6 Şubat depremlerinde vefat edenlerin sayısına il il baktığımızda, Hatay’da 24 bin 103, Kahramanmaraş’ta 12 bin 711, Adıyaman’da 8 bin 558, Gaziantep’te 3 bin 903, Malatya’da 1.255, Adana’da 685, Osmaniye’de 907, Diyarbakır’da 433, Şanlıurfa’da 200 ve Kilis’te 3 kişi yaşamını yitirdi.

Depremin ardından dönemin Adalet Bakanı Bekir Bozdağ “Bütün sorumlulardan hesap sorulacak” demişti.
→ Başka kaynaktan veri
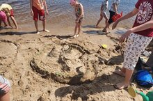 Летний день в пришкольном оздоровительном лагере "Солнышко", что находится на базе Верхнеуслонской школы, ознаменовался защитой проектов "Песчаный замок". Каждый отряд должен был построить замок из песка и, кроме того, рассказать о нем. Ребята 2 отряда представили на суд жюри феодальный замок, окруженный рвом. Рядом - огромный апельсиновый сад и избы крестьян. Третий отряд построил огромный средневековый замок, с башнями, откидным мостом и запасными подземными путями. Так же были такие творения, как Черепаший замок, Летающий замок и Парк развлечений в виде морской звезды. Фантазии не было предела! После защиты проектов ребят ждал сюрприз - надо было найти клад, зарытый в песке! Время пролетело быстро, счастливые и уставшие, ребята вернулись в школу.

Depremde yıkılan ya da üzerinde imara aykırı değişiklik yapılan binalarla ilgili sorumlulukları bulunan 2 bin 622 şüpheli hakkında soruşturma başlatıldı. Bu soruşturmalar kapsamında 259 kişi tutuklandı, 946’sı hakkında adli kontrol kararı alındı.

Tutuklu sayısı 134

Aradan tam bir yıl geçti. Yürütülen soruşturmalarda son duruma ilişkin veriler ilginç. 37 bine yakın bina yıkılmasına rağmen, bugüne kadar açılan dava sayısı yalnızca 190. Bu iddianamelerden şimdiye kadar 154’ü kabul edildi. Kabul edilen davalarda 126’sı tutuklu 461 sanığın yargılaması devam ediyor. 36 davaya ilişkin iddianameler ise hâlâ değerlendirme aşamasında. Bu davalarda ise 8’i tutuklu 55 şüpheli bulunuyor. Yani toplam tutuklu sayısı 134. Diğer taraftan, söz konusu dosyalarda henüz hiçbir kamu görevlisi sanık sıfatıyla yer almış değil.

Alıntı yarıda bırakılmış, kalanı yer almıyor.